Tuesday, October 16, 2007

Debate over word obscures Turkey's need to face truth

San Jose Mercury News, USA
By Richard Cohen
Washington Post columnist.
Richard Cohen below comes with the strange notion that if a genocide does not mirror the Holocaust then it is not genocide. also he is wrong by saying Raphael Lemkin did not have the Armenian genocide in mind, see Open Letter to Turkish Prime Minister Recep Tayyip Erdogan. But nonetheless he admits that Turkey must revisit its past without any judicial interference. I quote his conclusion "But, it may yet occur to someone in the government that Turkey's tantrums have turned an obscure - non-binding! - congressional resolution into yet another round of tutorials on the Armenian tragedy of 1915. Call it genocide or call it something else, but there is only one thing to call Turkey's insistence that it and its power will determine the truth: unacceptable.". In essence this means reality hurts to quote a French adage.
It goes without saying that the House resolution condemning Turkey for the "genocide" of Armenians in 1915 will serve no earthly purpose and that it will, to say the least, complicate if not severely strain U.S.-Turkey relations. It goes without saying, also, that the Turks are extremely sensitive on the topic and since they are helpful in the war in Iraq and a friend to Israel, that their feelings ought to be taken into account. All of this is true, but I would feel a lot better about killing this resolution if the argument wasn't so much about how we need Turkey and not at all about the truthfulness of the matter.

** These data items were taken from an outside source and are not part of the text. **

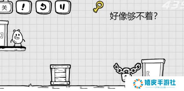 第37关: 按住怪物旁边的洞口,拿到钥匙,进门过关 第38关: 在刺碰到之前跑出后,进门过关 第39关: 反复滑动篝火,起火后拖到冰面上解冻,进门过关 第40关: 点击左边的门后,点击右键,进门过关 第41关: 这一关玩家将铁箱放在木箱上面,然后茶叶蛋去顶铁箱就可以获得钥匙了,然后开门过关 第42关: 开局的时候门会跳入水中,之后点击左边下面的向右移动按钮,移动该按钮可以将出水管打开,等水位下降后进门即可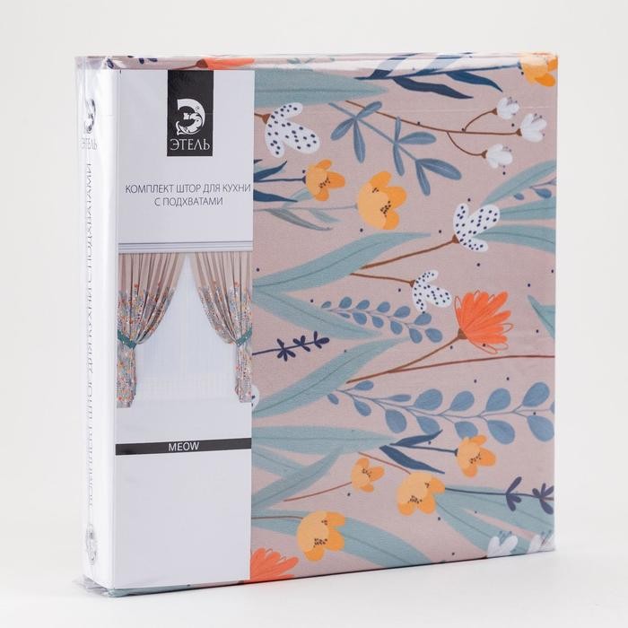 Комплект штор для кухни с подхватами Этель Meow 145х180см-2 шт., 100% п/э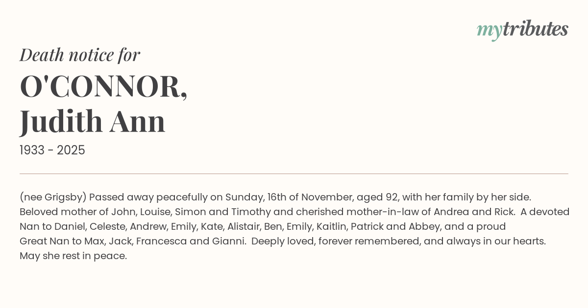 Beloved mother of John, Louise, Simon and Timothy and cherished mother-in-law of Andrea and Rick. A devoted Nan to Daniel, Celeste, Andrew, Emily, Kate, Alistair, Ben, Emily, Kaitlin, Patrick and Abbey, and a proud Great Nan to Max, Jack, Francesca and Gianni.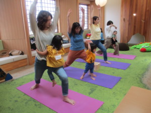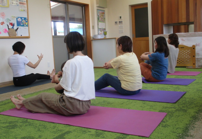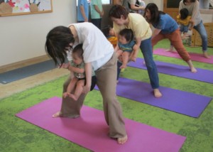 2025年7月9日 親子ヨガ 今日は支援室で親子ヨガがありました。 お子さんを抱っこされたり、 お子さんに目線を合わされたりして 前傾姿勢になりがちなお母さんに ヨガでスッキリ✨️✨️してもらいました。 お母さんに落ちないようにしがみついたり、 お母さんのポーズを真似したり… 親子で触れ合ってあそびました。 ゆ~らゆ~らブランコのポーズ! 子ども達にとっては嬉しい楽しいあそび♡ お母さんにとっては、お子さんの重みがかかって 大変そうですがヨガ効果倍増です。 おしりで1・2・1・2… 産後の骨盤を元の位置に戻す効果があり、 お腹や太ももにも効きますよ。 親子ヨガは来月も開催しますので ぜひ遊びに来てくださいね。 Tweet Share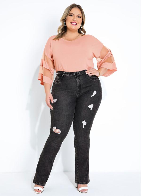 Sawary Jeans - Calça Cinza Boot Cut Super Lipo Sawary Plus Size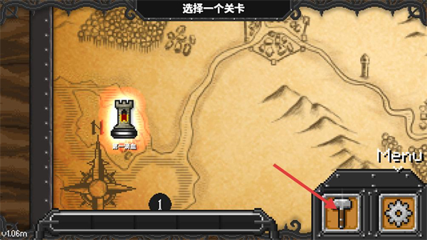 1、在關卡選擇界面,點擊錘子的圖案,進入塔防陷阱升級界面,推進游戲進程。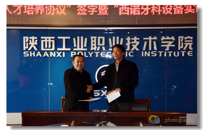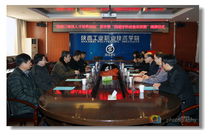 1月2日下午,陕西工院与西北医疗器械(集团)有限公司“西诺”订单班人才培养协议签字暨“西诺牙科设备实训室”揭牌仪式在崇文南楼第一会议室举行。西北医疗器械(集团)有限公司总经理李爱国、营销总监窦波、总经办主任聂西社、技术部副经理魏小峰、手机事业部制造部经理何林昌、总装车间主任刘登峰和陕西工院院长崔岩、副院长王晓江、教务处、数控工程学院相关负责同志出席,王晓江副院长主持仪式。
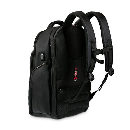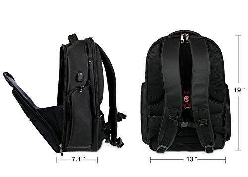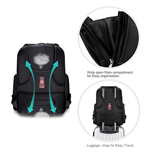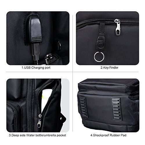 -. Feature : FOR LAPTOP - A built-in padded compartment designed to fit laptop up to 17", the back padded compartment makes the gravity point (mostly the heaviest part - the laptop) right against your back, then coordinate with ergonomically contoured shoulder straps to provide great comfort and maximum back support while traveling / DURABILITY - Made of high density 1500D ballistic nylon backed with thick waterproof material for long lasting red use. Patented dual zipper for main compartment for life long use. / COMFORT --- Multi-panel Airflow Design provides extra padding for comfort and maximum back support, a hidden pocket is designed at lower padding as a anti-thief pocket / LOTS OF POCKETS - main compartment designed with zippered pocket for passport or wallet and one smaller compartment to fit tablet; Front main pocket with organization panel for pens, name cards etc.; Quick access pocket with a detachable key fob; Side zippered pockets with elastic strap for water bottle, umbrellas etc. ;Headphone port included / ONE YEARS HASSLE FREE WARRANTY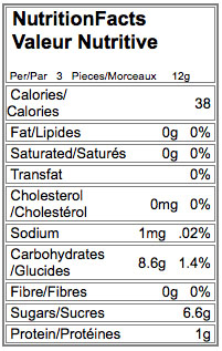 Corn Syrup, Sugar, Modified Starch, Gelatin, Citric Acid, Tartaric Acid, Fumeric Acid, Natural & Artificial Flavours, Colours (FD&C, Red#40, Yellow#5, Yellow#6, Blue #1).
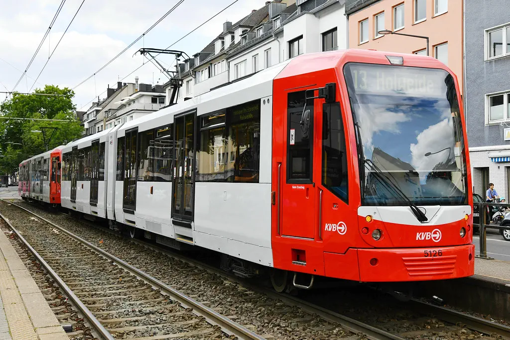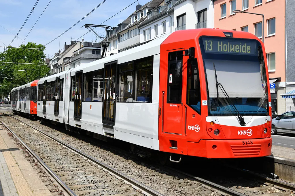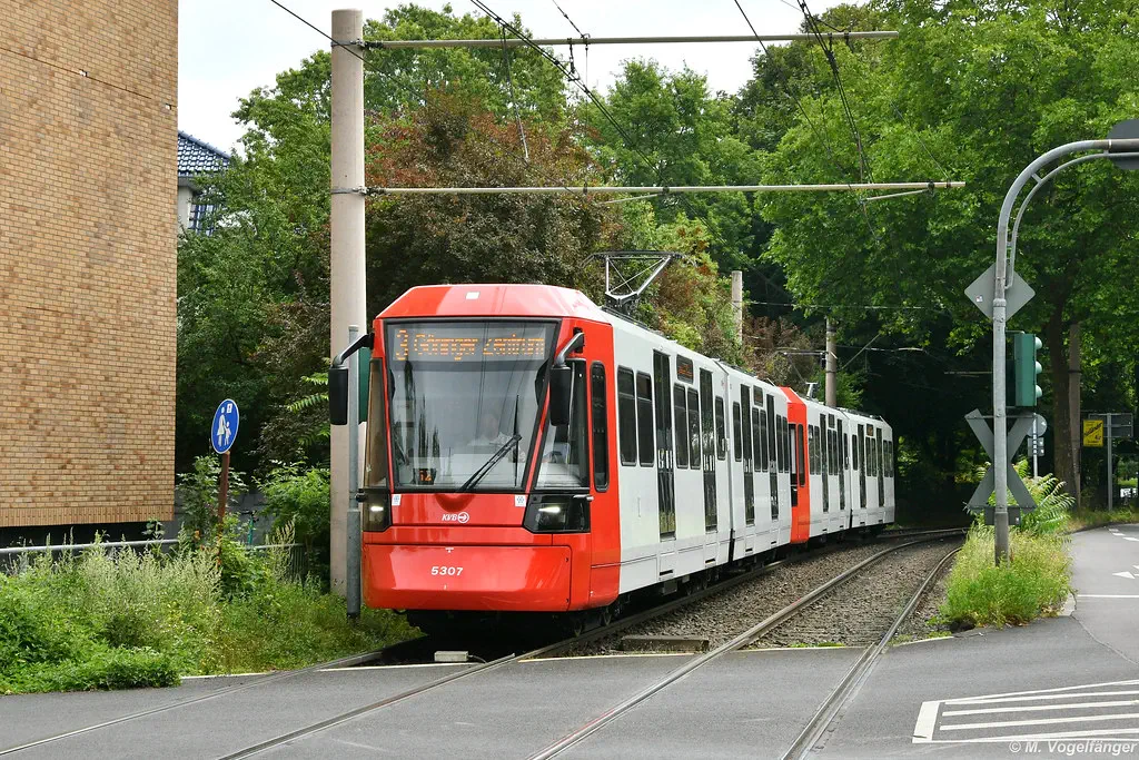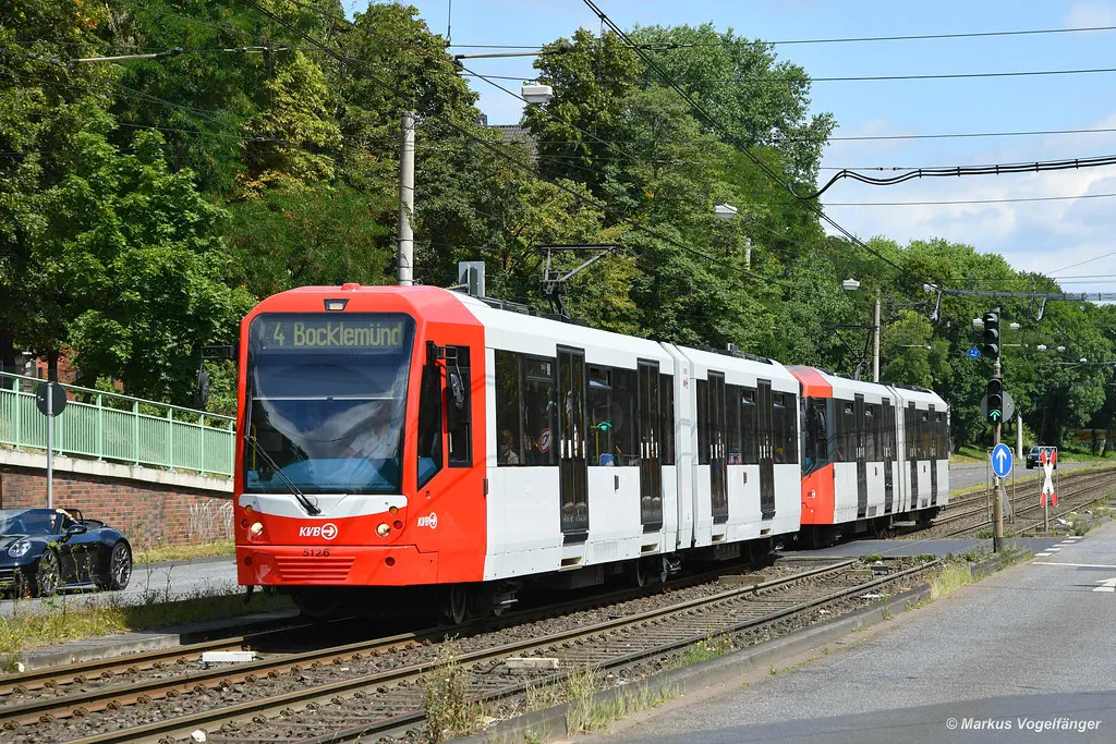 5126 wurde in die aktuellen KVB-Farben lackiert. Hier zu sehen auf dem Pfälzischen Ring am 16.07.2022.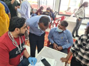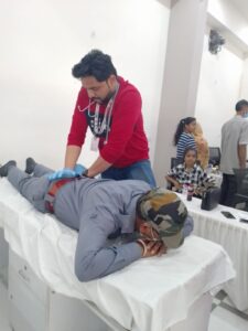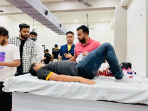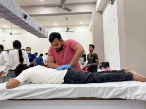 UEM Jaipur International Medical Relief Camp (5th Day) A Total of 70 plus patients are treated successfully in IMR camp and provided them physiotherapy services at spectra quartz industry in Bagru, Jaipur. A total of 50 students of BPT 3rd year and final year were present with their faculty members.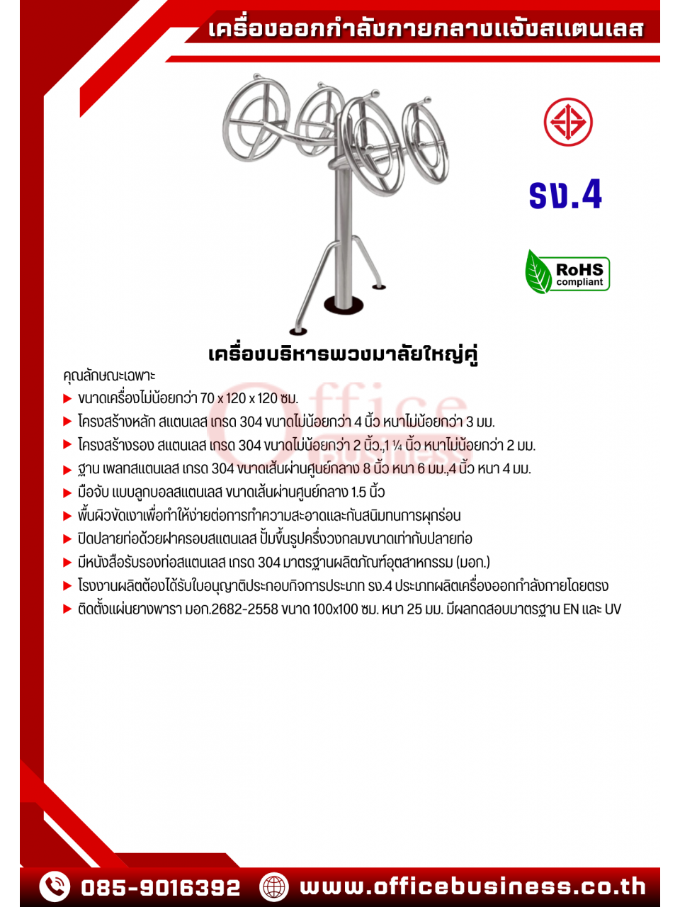 อุปกรณ์บริหารข้อสะโพก (แบบบิดเอวเดี่ยว) แบบสแตนเลส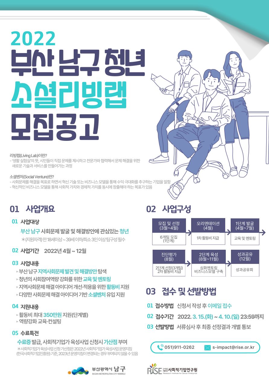 - (사)사회적기업연구원 사회혁신팀 ☎ 051-911-0262 ( s-impact@rise.or.kr )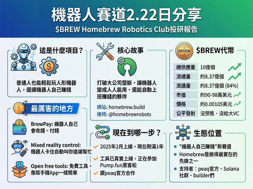 現在機器人被大公司壟斷,又貴又封閉。 Homebrew 用開放工具 + 加密貨幣 打破這一點,讓機器人變成「人人能用、還能自動上班賺錢」的夥伴。

Of even that, I have some doubt. The congressional resolution repeatedly employs the word "genocide," a term used by many scholars. But Raphael Lemkin, the Polish-Jewish emigre who coined the term in 1943, clearly had what the Nazis were doing to the Jews in mind. If that is the standard - and it need not be - then what happened in the collapsing Ottoman Empire in 1915 was something short of genocide. It was plenty bad - maybe as many as 1.5 million Armenians perished, many of them outright murdered - but not all Armenians everywhere in what was then Turkey were as calamitously affected. The substantial Armenian communities in Constantinople, Smyrna and Aleppo were largely spared. No German city could make that statement about its Jews.